The Dutch had listened to their servants a lot earlier than the British. There was brand new linoleum on the floor, lightbulbs looped around the rafters, and rubber stitched over all the door handles and hinges. Buckets of sand waited on either side of every door and window.
‘Steepleton,’ Vaulker said, and then stopped short. Thaniel was sitting with the Dutch doctor, who had made him take off his shirt. The doctor was lifting bits of glass out of his shoulders with twee
zers. ‘Christ, you’re black and blue. Did you – fight the man who killed Arinori?’
‘No, the carriage crashed, before. The horses spooked.’ He hadn’t noticed before – he hadn’t looked at himself – but he was bruised right down what he’d been thinking of as his uninjured side. With the twang and burn of the bullet wound, he hadn’t felt any other pain, not even from the glass shards.
Vaulker looked like he wanted to say something, but another explosion went off close by and they both jumped. ‘What the hell was that?’
Much longer than the explosion was the crash of a falling roof. It took whole seconds.
‘The fire crews demolish houses to stop fires. All the houses are wooden. There’s no other way to control a fire until it reaches one of the canals. Are you all right?’ Thaniel added, because he was starting to think that neither of them was. He didn’t usually startle easily, but the noise just then had fired a jolt right up and down his spine. He was shying at smaller sounds than that too, as badly as a hare. ‘Have you even sat down?’
‘What we saw …’ Vaulker began. He crumpled down beside Thaniel, all the creases in his skin and his clothes outlined in soot smudges. ‘If it’s caused by this weather – well. We need to know if it’s going to get worse. And particularly if it’s to do with Fuji. If this is a sign the volcano is about to go off, we have to evacuate.’ He was speaking very quietly. He glanced around the room after he’d finished, and when Thaniel followed his eyes, he saw that some of the Dutch diplomats were talking in the same way, low, heads close. Nobody wanted to say volcano loudly. The room was full of children. ‘The Dutch Minister has just sent someone to wake up that fellow who runs the Met Office, but I don’t think they’ll be allowed to say even if something was about to happen. Chaos at the docks.’
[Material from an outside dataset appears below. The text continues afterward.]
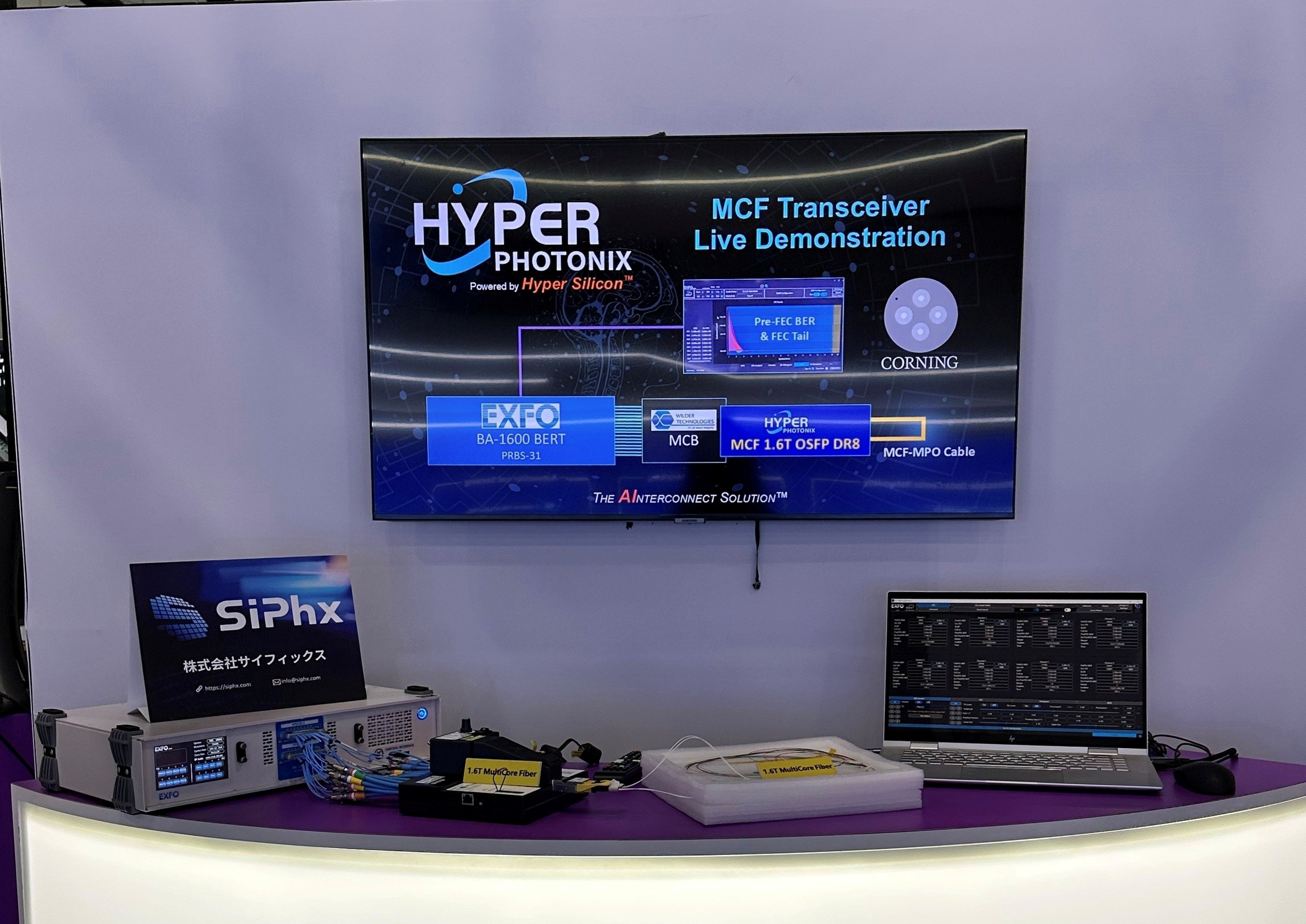 The demonstration combines multicore fiber (MCF) module technology provided by SiPhx Inc., Hyper Silicon™ technology, and Corning® multicore fiber to deliver both high bandwidth and improved cabling efficiency. This approach reduces cable size and weight, simplifies cable management, improves airflow, and streamlines installation, ultimately lowering the total cost of large-scale AI network deployments.

Thaniel nodded. ‘You want to go, in case?’
‘Francis Fanshaw will have my head on a plate if I evacuate everyone and nothing happens. I haven’t got much goodwill capital with him at the moment, I suspect.’ He flicked his eyes up at Thaniel.
‘I haven’t told him anything,’ Thaniel said. ‘If no one’s noticed you weren’t at the promulgation, good. What are we doing, then, if not leaving?’